◆ **TASK BRIEF**
Apart from the pictures, write out all the records exactly.

DATA IN THIS EXERCISE section start

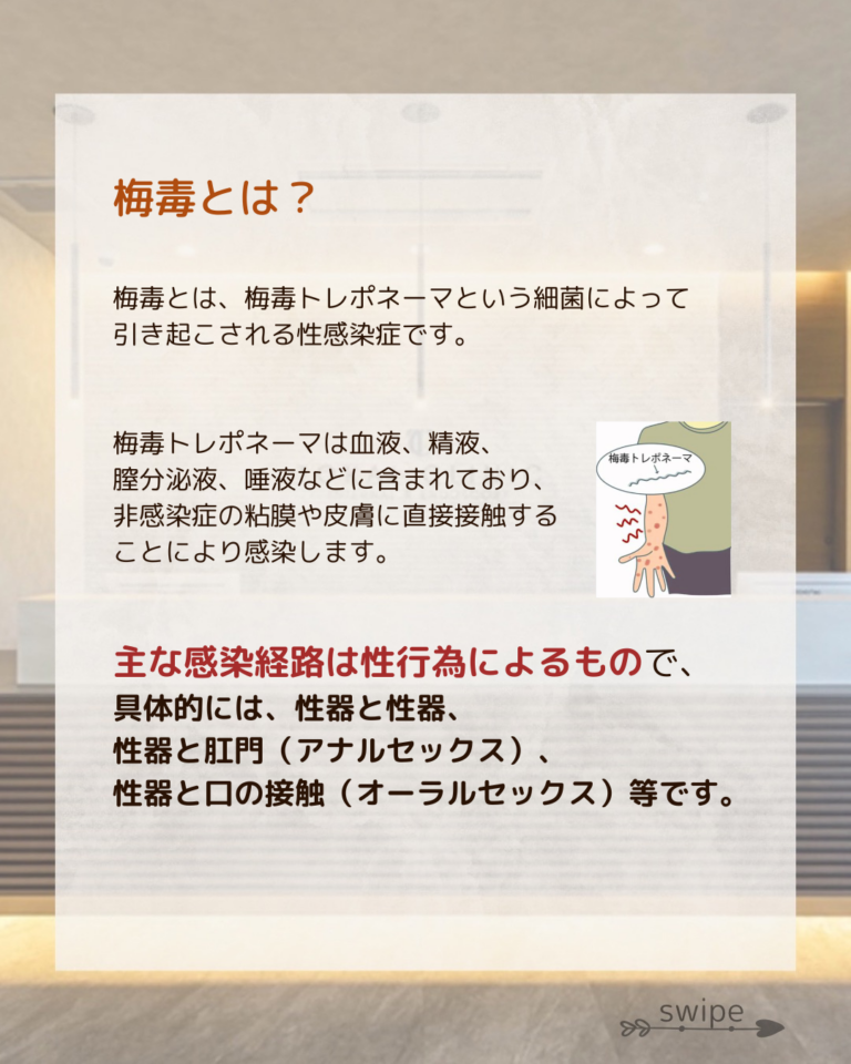 梅毒は早期に発見して、適切な治療を行うことで治癒が可能です。
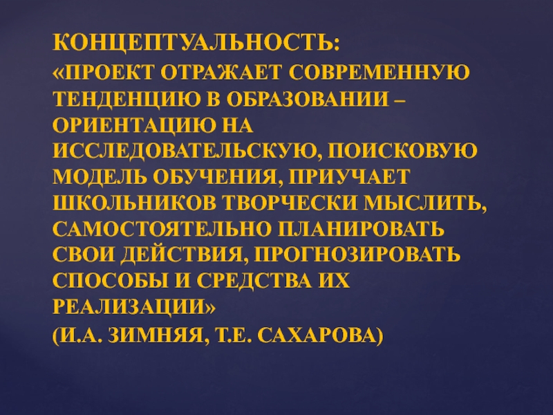 «ПРОЕКТ ОТРАЖАЕТ СОВРЕМЕННУЮ ТЕНДЕНЦИЮ В ОБРАЗОВАНИИ – ОРИЕНТАЦИЮ НА ИССЛЕДОВАТЕЛЬСКУЮ, ПОИСКОВУЮ МОДЕЛЬ ОБУЧЕНИЯ, ПРИУЧАЕТ ШКОЛЬНИКОВ ТВОРЧЕСКИ МЫСЛИТЬ, САМОСТОЯТЕЛЬНО ПЛАНИРОВАТЬ СВОИ ДЕЙСТВИЯ, ПРОГНОЗИРОВАТЬ СПОСОБЫ И СРЕДСТВА ИХ РЕАЛИЗАЦИИ» (И.А. ЗИМНЯЯ, Т.Е. САХАРОВА)
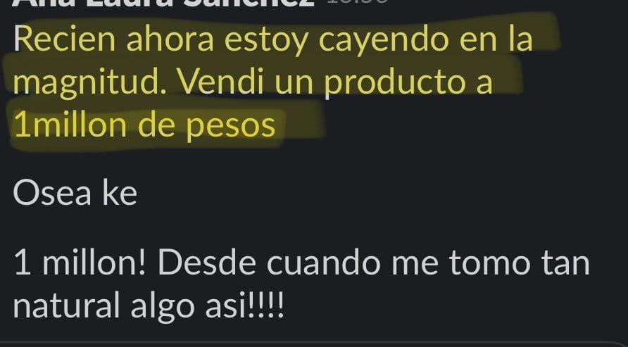 El crecimiento real se mide en resultados, como buena "casi" farmacéutica y bioquímica soy una amante de las pruebas. Mi frase de cabecera es "a las pruebas me remito" y si te digo algo siempre me gusta acompañarlo con capturas reales que reflejan las palabras exactas de mis clientas (que podrían ser las tuyas), al fin y al cabo: una imagen vale más que mil palabras.
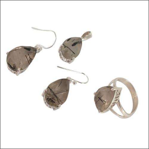 Deslumbrante conjunto de joyas de piedras preciosas de plata 925 Colección de piedras preciosas de energía rutilo negro
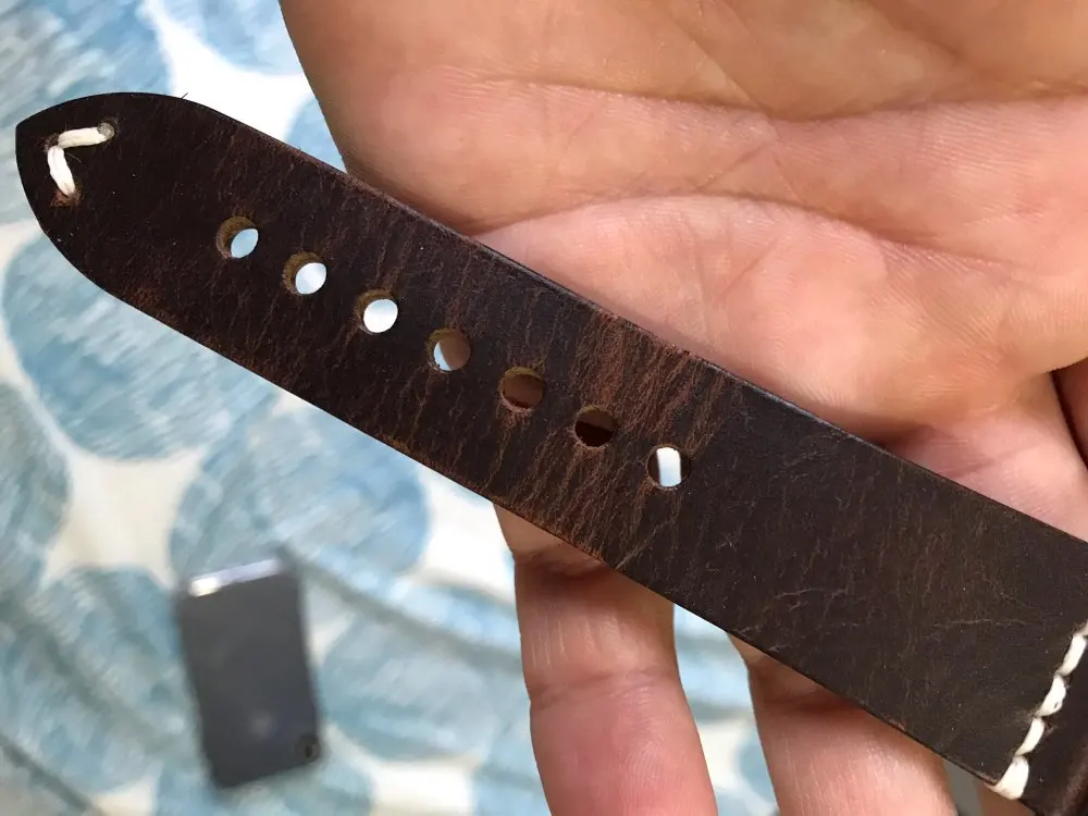 Кожа мягкая, толщина 1,5 мм, дубление сделано слабо, от чего материал эластичен мягок. Покраска выполнена сразу после дубления, от чего при изгибах краска тянется и трескается, но это придает только необычный вид. И да кожа настоящая по всей видимости крупно рогатого скота, наверняка коровья. Основная часть сложена в два раза, а между ним ремешок проклеен, в общем за такую цену очень порадовало что не дешёвый дермантин)

DATA IN THIS EXERCISE section end

◆ **ANSWER TO THIS EXERCISE**
 梅毒は早期に発見して、適切な治療を行うことで治癒が可能です。
 «ПРОЕКТ ОТРАЖАЕТ СОВРЕМЕННУЮ ТЕНДЕНЦИЮ В ОБРАЗОВАНИИ – ОРИЕНТАЦИЮ НА ИССЛЕДОВАТЕЛЬСКУЮ, ПОИСКОВУЮ МОДЕЛЬ ОБУЧЕНИЯ, ПРИУЧАЕТ ШКОЛЬНИКОВ ТВОРЧЕСКИ МЫСЛИТЬ, САМОСТОЯТЕЛЬНО ПЛАНИРОВАТЬ СВОИ ДЕЙСТВИЯ, ПРОГНОЗИРОВАТЬ СПОСОБЫ И СРЕДСТВА ИХ РЕАЛИЗАЦИИ» (И.А. ЗИМНЯЯ, Т.Е. САХАРОВА)
 El crecimiento real se mide en resultados, como buena "casi" farmacéutica y bioquímica soy una amante de las pruebas. Mi frase de cabecera es "a las pruebas me remito" y si te digo algo siempre me gusta acompañarlo con capturas reales que reflejan las palabras exactas de mis clientas (que podrían ser las tuyas), al fin y al cabo: una imagen vale más que mil palabras.
 Deslumbrante conjunto de joyas de piedras preciosas de plata 925 Colección de piedras preciosas de energía rutilo negro
 Кожа мягкая, толщина 1,5 мм, дубление сделано слабо, от чего материал эластичен мягок. Покраска выполнена сразу после дубления, от чего при изгибах краска тянется и трескается, но это придает только необычный вид. И да кожа настоящая по всей видимости крупно рогатого скота, наверняка коровья. Основная часть сложена в два раза, а между ним ремешок проклеен, в общем за такую цену очень порадовало что не дешёвый дермантин)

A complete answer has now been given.